GOAL OF THE EXERCISE
Transcribe word for word the lines below from the line with "Portály Chuchle, vlevo" through the line with "120 km/hod., se", ends included.

SUPPLIED RECORDS
■ ■ ■ ■

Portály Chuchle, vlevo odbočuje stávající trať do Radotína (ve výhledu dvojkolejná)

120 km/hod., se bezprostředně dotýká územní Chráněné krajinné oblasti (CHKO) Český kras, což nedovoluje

■ ■ ■ ■

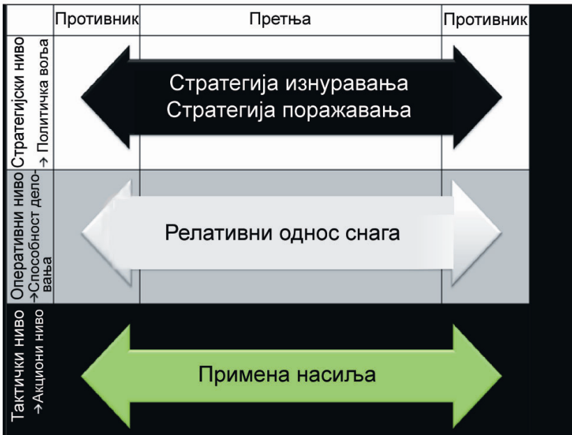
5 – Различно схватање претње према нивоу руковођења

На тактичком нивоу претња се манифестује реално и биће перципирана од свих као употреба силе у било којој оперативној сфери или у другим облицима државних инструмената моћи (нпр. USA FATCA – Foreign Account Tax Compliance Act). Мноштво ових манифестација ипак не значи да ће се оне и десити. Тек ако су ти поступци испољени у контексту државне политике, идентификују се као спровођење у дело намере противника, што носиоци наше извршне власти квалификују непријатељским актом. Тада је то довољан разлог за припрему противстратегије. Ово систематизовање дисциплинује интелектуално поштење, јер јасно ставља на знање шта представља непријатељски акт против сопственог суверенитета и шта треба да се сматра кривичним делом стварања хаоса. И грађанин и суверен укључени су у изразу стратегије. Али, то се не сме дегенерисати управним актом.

■ ■ ■ ■

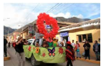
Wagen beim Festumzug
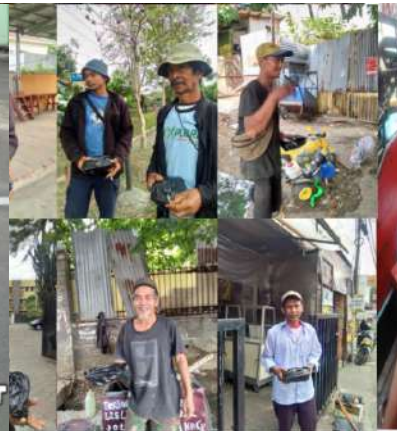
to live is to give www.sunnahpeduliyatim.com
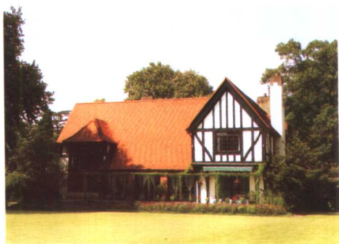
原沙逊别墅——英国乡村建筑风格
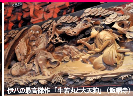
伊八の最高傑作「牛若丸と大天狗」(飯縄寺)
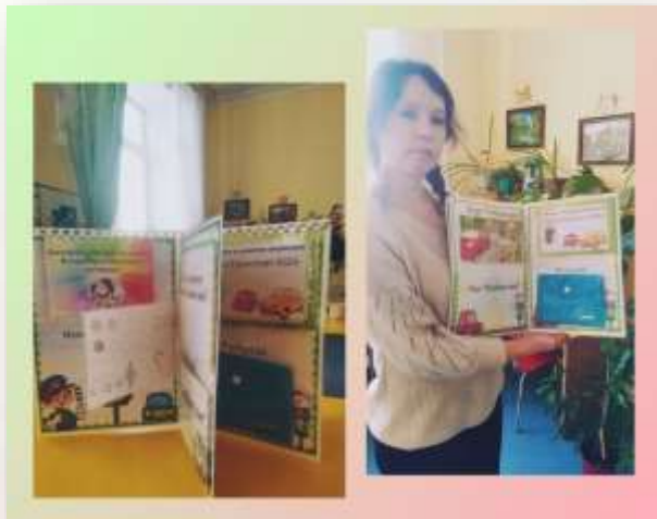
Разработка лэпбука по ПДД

■ ■ ■ ■

EXERCISE RESPONSE
Portály Chuchle, vlevo odbočuje stávající trať do Radotína (ve výhledu dvojkolejná)

120 km/hod., se bezprostředně dotýká územní Chráněné krajinné oblasti (CHKO) Český kras, což nedovoluje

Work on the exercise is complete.